Clearly, with Vernon and Cameron Wake, the Dolphins have two tremendous defensive ends to put in the starting lineup.
That said, Jordan is just too special a talent not to utilize.
At different times last year, he lined up as a pure defensive end and headed straight for the quarterback; at other times, he stood up in the middle of the defensive line and dropped back into coverage. He also got playing time on special teams.
Head Coach Joe Philbin said during the spring the focus moving forward might be on having Jordan rush the passer, although his ability to play different roles might come into play as well.
“The thing that we look for with him when we drafted him was it was a guy that was going to be able to put pressure on the quarterback,” Philbin said. “One of the big things we feel that’s important for our defense is to continually pressure opposing quarterbacks. And that was really the mind-set when we took him.”
Regardless of what he does, Jordan says he’s better prepared to deal with NFL offensive linemen now that he’s stronger.
“I needed it,” Jordan said. “I was definitely too light to be out there trying to go against some of those offensive tackles. For me mainly it wasn’t the weight, it was more just getting stronger. I said, I’m still young, I’m sure the weight will come, but this league, it’s a grown man’s league, so I gotta make sure I’m strong enough.
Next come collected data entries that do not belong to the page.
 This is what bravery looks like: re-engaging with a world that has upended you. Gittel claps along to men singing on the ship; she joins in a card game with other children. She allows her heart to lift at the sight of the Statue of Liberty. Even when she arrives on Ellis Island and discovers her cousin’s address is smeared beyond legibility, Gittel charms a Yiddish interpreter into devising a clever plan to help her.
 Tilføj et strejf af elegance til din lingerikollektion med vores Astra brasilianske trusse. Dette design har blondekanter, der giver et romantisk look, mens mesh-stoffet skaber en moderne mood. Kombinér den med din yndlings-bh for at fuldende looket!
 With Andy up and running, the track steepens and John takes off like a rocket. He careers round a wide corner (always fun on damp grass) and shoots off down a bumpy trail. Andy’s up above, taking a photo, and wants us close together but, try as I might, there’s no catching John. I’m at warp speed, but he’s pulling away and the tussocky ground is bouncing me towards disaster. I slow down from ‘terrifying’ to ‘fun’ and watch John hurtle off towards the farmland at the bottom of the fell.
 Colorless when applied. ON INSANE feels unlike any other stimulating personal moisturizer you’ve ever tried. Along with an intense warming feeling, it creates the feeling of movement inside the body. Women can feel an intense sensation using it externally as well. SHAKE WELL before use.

“It’s a huge difference, just as far as me being able to finish plays and get these guys off me. That’s the main thing.”
Jordan singled out Randy Starks as someone who helped him get stronger in the offseason. He also benefited for a while this spring from the tutelage of Jason Taylor during his stint as guest coach.
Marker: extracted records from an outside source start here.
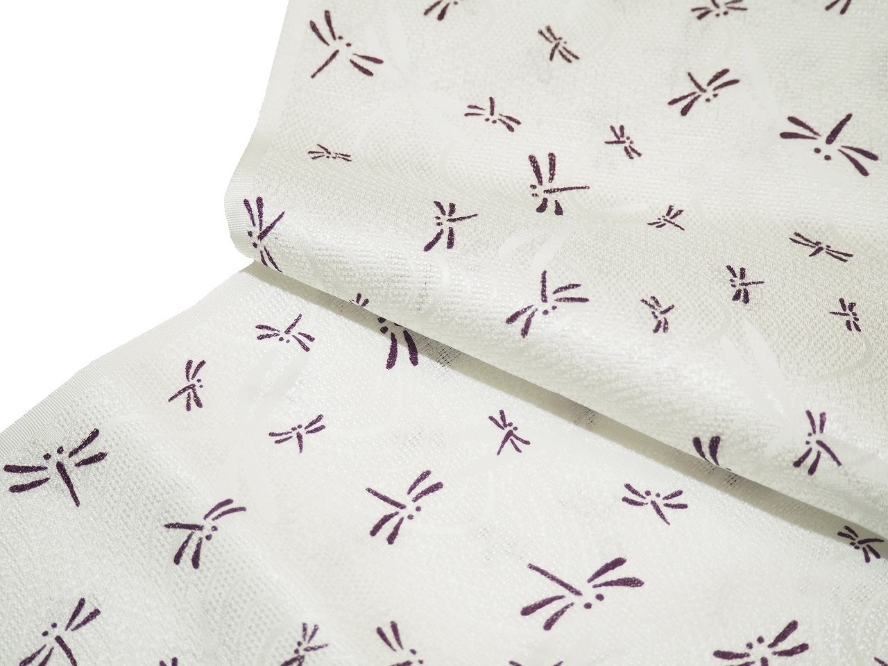 ・夏物正絹帯揚げ(紗)「白色の地に紫色のトンボの柄」
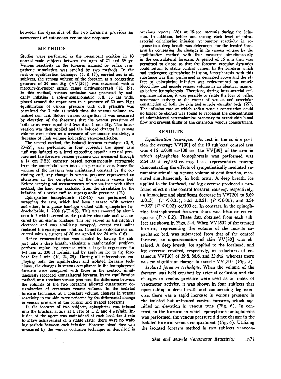 To determine the relative participation of skin and muscle capacitance beds of the forearm in venomotor reflexes, epinephrine iontophoresis was combined with forearm plethysmography so that the volume of muscle veins could be estimated simultaneously with the volume of cutaneous veins, at a constant venous pressure. With this technique not only are the cutaneous veins markedly constricted but they also are prevented from filling since skin blood flow is abolished. In 10 normal subjects, the venous volume in the elevated control forearm at a congesting pressure of 30 mm Hg (VV[30]) was 3.16 ±0.30 SEM cc/100 cc, while in the iontophoresed arm it was 2.54 ±0.31 cc/100 cc. Thus the forearm cutaneous VV[30] was 1.62 cc/100 cc. With a deep breath, ice to the forehead, and leg exercise, and cutaneous VV[30] decreased 19.8% (P < 0.01), 36.6% (P < 0.01), and 32.6% (P < 0.02), respectively, whereas the muscle VV[30] was not altered significantly. Similar results were observed using the isolated forearm technique and a deep muscle vein. The infusion of epinephrine intra-arterially did not decrease reflex venomotor reactivity until cutaneous blood flow was completely suppressed, indicating that the inability of the veins to react in the iontophoresed arm was not the result of epinephrine diffusion into the muscle bed. Thus, these results indicate that, in the forearm, only cutaneous veins participate in venomotor reflexes. Further, since the forearm is principally composed of skeletal muscle and the hand skin, an explanation is provided for the observation that veins of the forearm, studied as a whole, appear less reactive to stimuli than veins of the hand. An explanation also is provided for fainting which occurs during motionless standing despite intense venoconstriction, thereby emphasizing the importance of the skeletal muscle pump in the legs in preventing postural syncope.
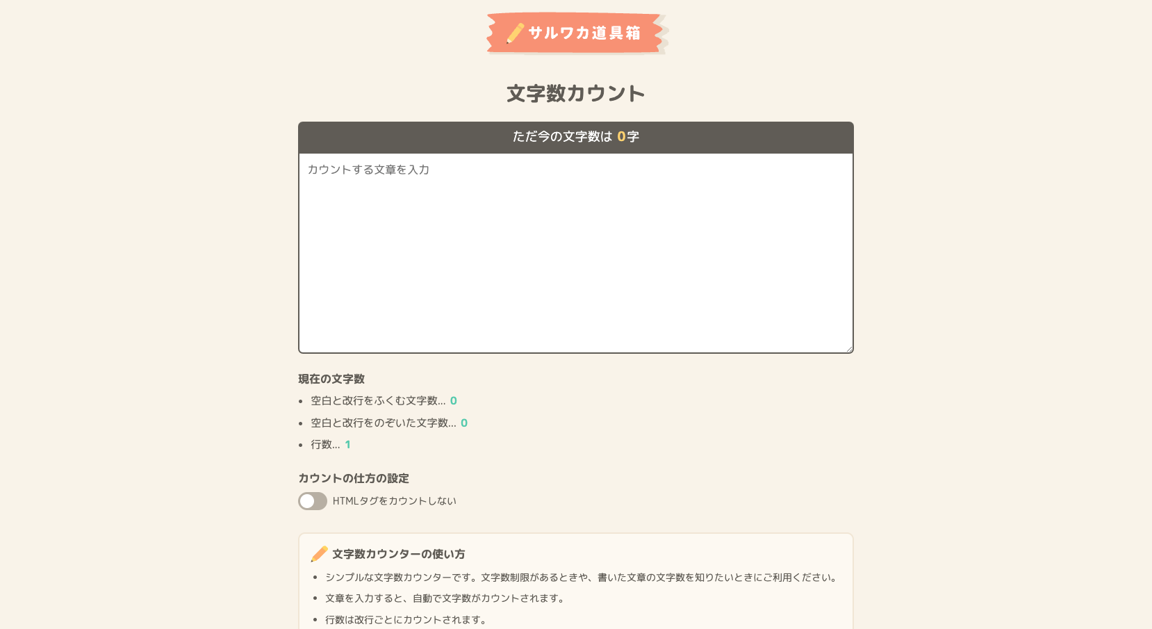 「空白と改行をふくむ文字数」「空白と改行をのぞいた文字数」「行数」が分かるのと、HTMLタグをカウントせずに文字数が分かるので、コーディング時でも気にせずそのままコピペできます。

It all should add up to a stronger and wiser Jordan, and both he and Philbin insist he’s just as fast as ever.
It makes for interesting possibilities starting in late July when training camp opens.
Jordan certainly is excited about what’s in store.
“Hey, I’m 100 percent,” he said. “I put everything that happened last year in the past and I’m just working to continue to get better and continue to just better myself as a player and do whatever I need to do to get better.
“I feel like I already showed I have the will and the wants to go out there and do whatever it takes to win. Just see me out there and being more productive, helping these guys out on the defensive line.
“This year I had the opportunity to have an offseason to where I can take care of my body. It’s a different subject last year. I’m just trying to move forward and continue to try to better myself in a lot of areas.”